ACTIVITY — Below are entries with pictures in them. Output exactly the lines starting at the line with "Lot #0078: Razor" and ending at the line with "10kt Yellow Gold.....................NOW", both included, but not the pictures.

★ ★ ★

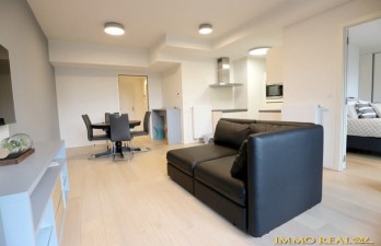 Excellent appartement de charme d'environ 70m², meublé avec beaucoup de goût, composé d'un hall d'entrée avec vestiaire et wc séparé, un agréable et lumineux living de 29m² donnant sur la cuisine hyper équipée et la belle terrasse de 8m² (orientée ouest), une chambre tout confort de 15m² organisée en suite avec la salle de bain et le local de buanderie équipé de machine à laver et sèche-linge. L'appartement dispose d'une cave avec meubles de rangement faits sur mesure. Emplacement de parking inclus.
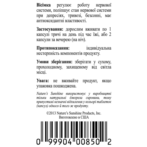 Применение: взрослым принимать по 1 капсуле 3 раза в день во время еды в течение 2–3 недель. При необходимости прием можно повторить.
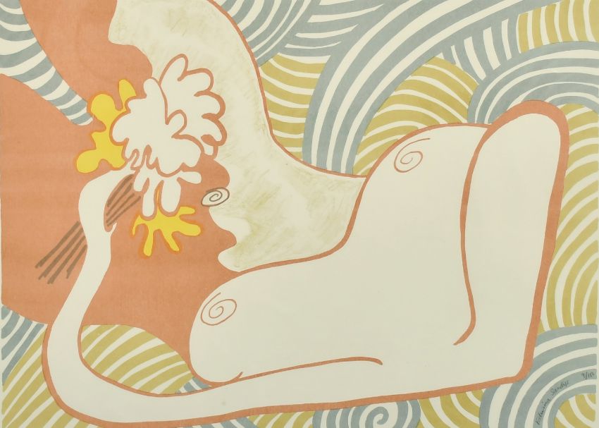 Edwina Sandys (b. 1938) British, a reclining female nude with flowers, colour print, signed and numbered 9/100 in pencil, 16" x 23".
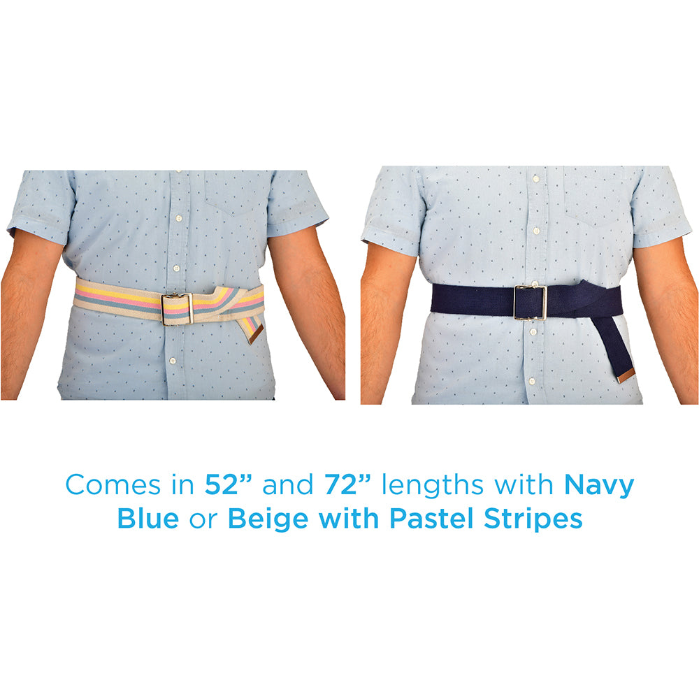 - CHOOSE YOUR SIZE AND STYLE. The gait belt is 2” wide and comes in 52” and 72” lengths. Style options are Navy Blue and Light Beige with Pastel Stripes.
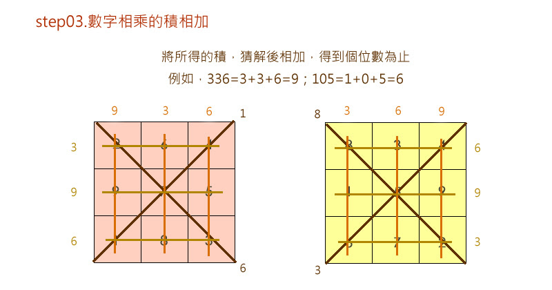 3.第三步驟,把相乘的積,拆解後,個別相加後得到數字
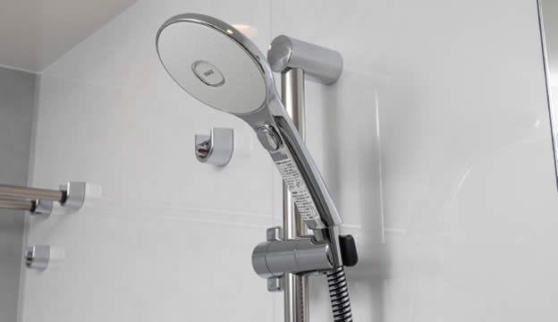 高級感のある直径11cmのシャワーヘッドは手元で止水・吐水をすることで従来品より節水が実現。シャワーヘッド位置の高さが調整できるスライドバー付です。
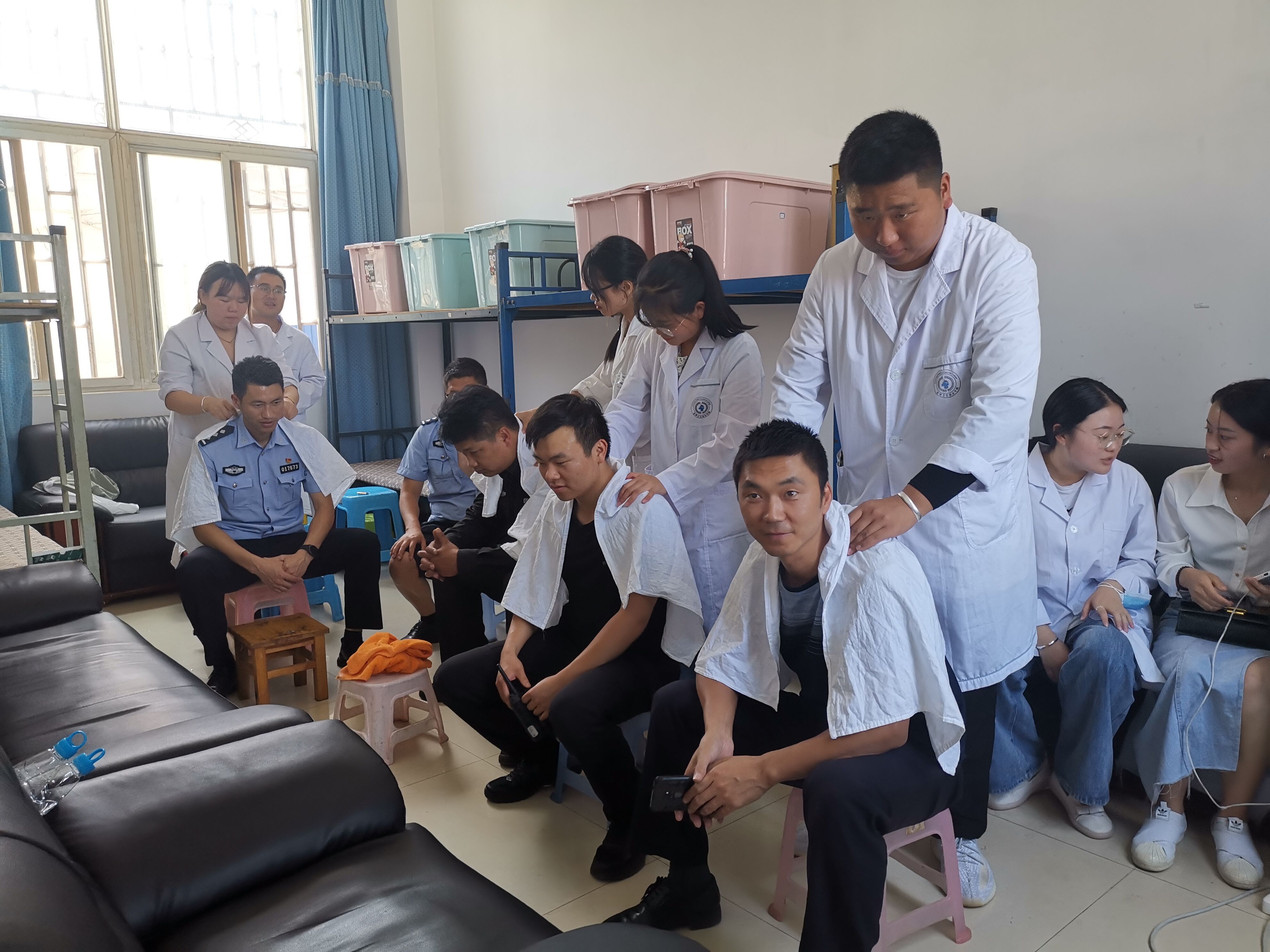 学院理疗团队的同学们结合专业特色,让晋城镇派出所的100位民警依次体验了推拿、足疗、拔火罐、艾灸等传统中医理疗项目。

★ ★ ★

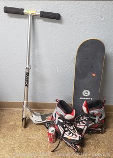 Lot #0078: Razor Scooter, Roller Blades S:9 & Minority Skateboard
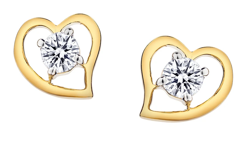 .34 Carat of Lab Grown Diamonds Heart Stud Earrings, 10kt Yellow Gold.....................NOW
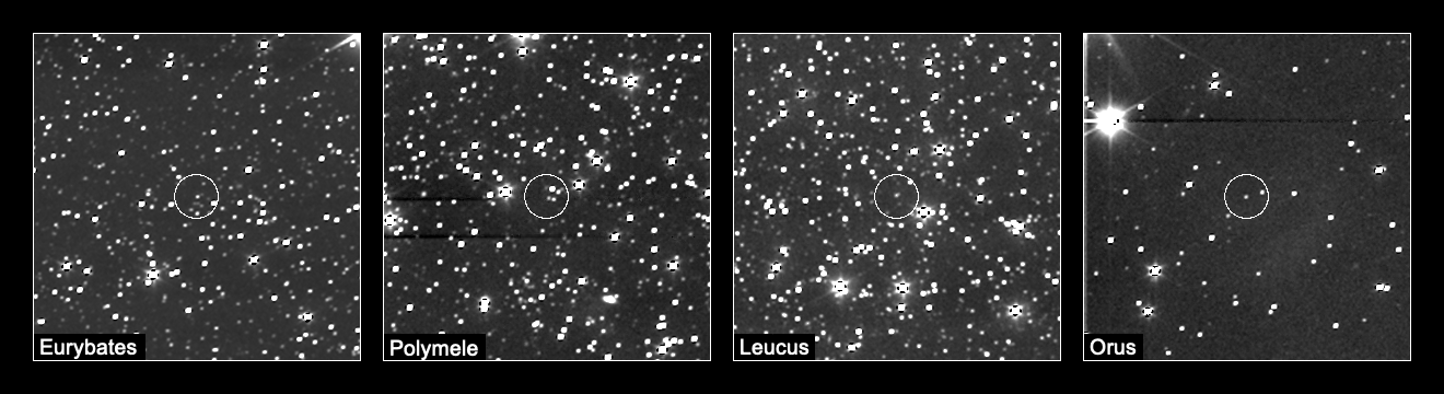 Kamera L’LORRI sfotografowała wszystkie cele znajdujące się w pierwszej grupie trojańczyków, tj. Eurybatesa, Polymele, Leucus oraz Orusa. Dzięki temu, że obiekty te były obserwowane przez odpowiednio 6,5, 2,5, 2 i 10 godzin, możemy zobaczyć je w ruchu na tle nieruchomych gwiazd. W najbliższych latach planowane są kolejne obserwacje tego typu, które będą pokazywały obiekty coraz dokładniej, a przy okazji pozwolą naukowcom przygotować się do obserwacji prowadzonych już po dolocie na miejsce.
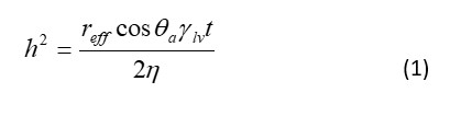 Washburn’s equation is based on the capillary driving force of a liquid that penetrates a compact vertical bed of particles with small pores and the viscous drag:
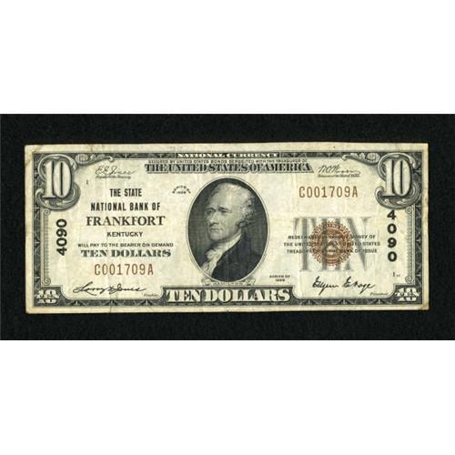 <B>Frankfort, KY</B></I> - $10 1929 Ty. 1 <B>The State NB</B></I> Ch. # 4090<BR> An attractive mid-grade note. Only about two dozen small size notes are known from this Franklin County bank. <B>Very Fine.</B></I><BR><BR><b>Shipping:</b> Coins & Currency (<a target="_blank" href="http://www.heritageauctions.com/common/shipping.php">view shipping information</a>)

★ ★ ★

RESPONSE —
 Lot #0078: Razor Scooter, Roller Blades S:9 & Minority Skateboard
 .34 Carat of Lab Grown Diamonds Heart Stud Earrings, 10kt Yellow Gold.....................NOW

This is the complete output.